Definition translate_type_def:
  translate_type (JT_Named "bool") = BaseT BoolT ∧
  translate_type (JT_Named "address") = BaseT AddressT ∧
  translate_type (JT_Named "decimal") = BaseT DecimalT ∧
  translate_type (JT_Integer bits F) = BaseT (UintT bits) ∧
  translate_type (JT_Integer bits T) = BaseT (IntT bits) ∧
  translate_type (JT_BytesM m) = BaseT (BytesT (Fixed m)) ∧
  translate_type (JT_String n) = BaseT (StringT n) ∧
  translate_type (JT_Bytes n) = BaseT (BytesT (Dynamic n)) ∧
  translate_type (JT_StaticArray vt len) = ArrayT (translate_type vt) (Fixed len) ∧
  translate_type (JT_DynArray vt len) = ArrayT (translate_type vt) (Dynamic len) ∧
  translate_type (JT_Struct name) = StructT name ∧
  translate_type (JT_Flag name) = FlagT name ∧
  translate_type (JT_Tuple tys) = TupleT (MAP translate_type tys) ∧
  translate_type JT_None = NoneT
Termination
  ...
End

(* ===== Expression Translation ===== *)
(* This is where msg.sender recognition etc. happens *)

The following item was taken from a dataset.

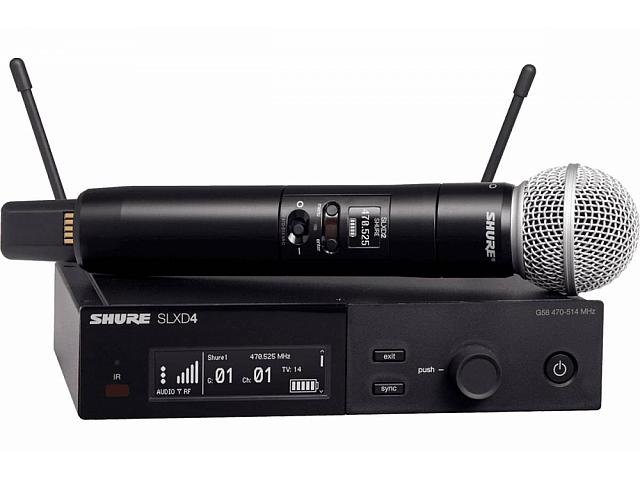 SHURE SLXD24E/SM58-H56 поставляется с одноканальным приёмником SLXD4 и ручным беспроводным передатчиком SLXD2 с капсюлем легендарного кардиоидного динамического микрофона SM58, антеннами, аксессуарами для монтажа в рэк и 2-мя батарейками типа АА.
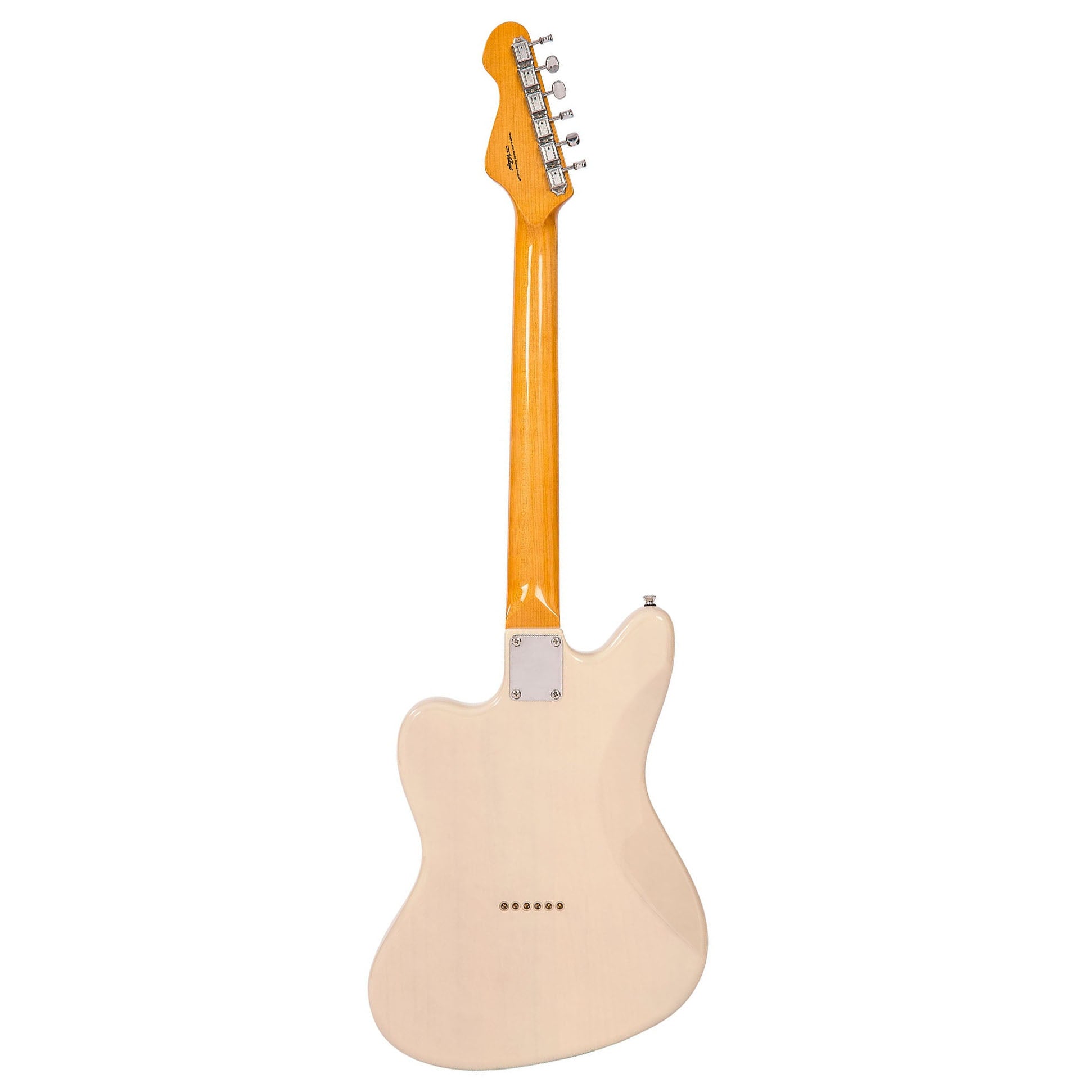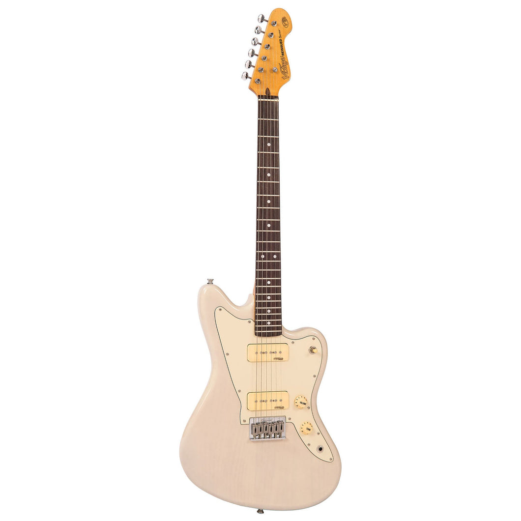 Icon V62 Ash Blonde är en 6-strängad elgitarr från Vintage. Gitarren är gjord i träslagen Maple, Mahogany och Lignum Rosa. Kroppen är gjord i Poplar och halsen är gjord i Maple med Lignum Rosa-greppbräda. Gitarren är utrustad med 22 band, Wilkinson Deluxe WJ55S-stämskruvar, Wilkinson Hardtail-stall och Wilkinson Soapbar-pickups.

Definition translate_expr_def:
  (* msg.sender → Builtin (Env Sender) [] *)
  translate_expr (JE_Attribute (JE_Name "msg") "sender") =
    Builtin (Env Sender) [] ∧

  (* msg.value → Builtin (Env ValueSent) [] *)
  translate_expr (JE_Attribute (JE_Name "msg") "value") =
    Builtin (Env ValueSent) [] ∧

  (* block.timestamp → Builtin (Env TimeStamp) [] *)
  translate_expr (JE_Attribute (JE_Name "block") "timestamp") =
    Builtin (Env TimeStamp) [] ∧

  (* block.number → Builtin (Env BlockNumber) [] *)
  translate_expr (JE_Attribute (JE_Name "block") "number") =
    Builtin (Env BlockNumber) [] ∧

  (* self.x → TopLevelName x *)
  translate_expr (JE_Attribute (JE_Name "self") attr) =
    TopLevelName attr ∧

  (* General attribute: e.attr *)
  translate_expr (JE_Attribute e attr) =
    Attribute (translate_expr e) attr ∧

  (* Name *)
  translate_expr (JE_Name id) = Name id ∧

  (* Integer literal *)
  translate_expr (JE_Int v ty) =
    Literal (IntL (int_bound_of_type ty) v) ∧

  (* ... etc ... *)
Termination
  ...
End

(* ===== Statement Translation ===== *)
(* Loop bounds computed here from iterator type *)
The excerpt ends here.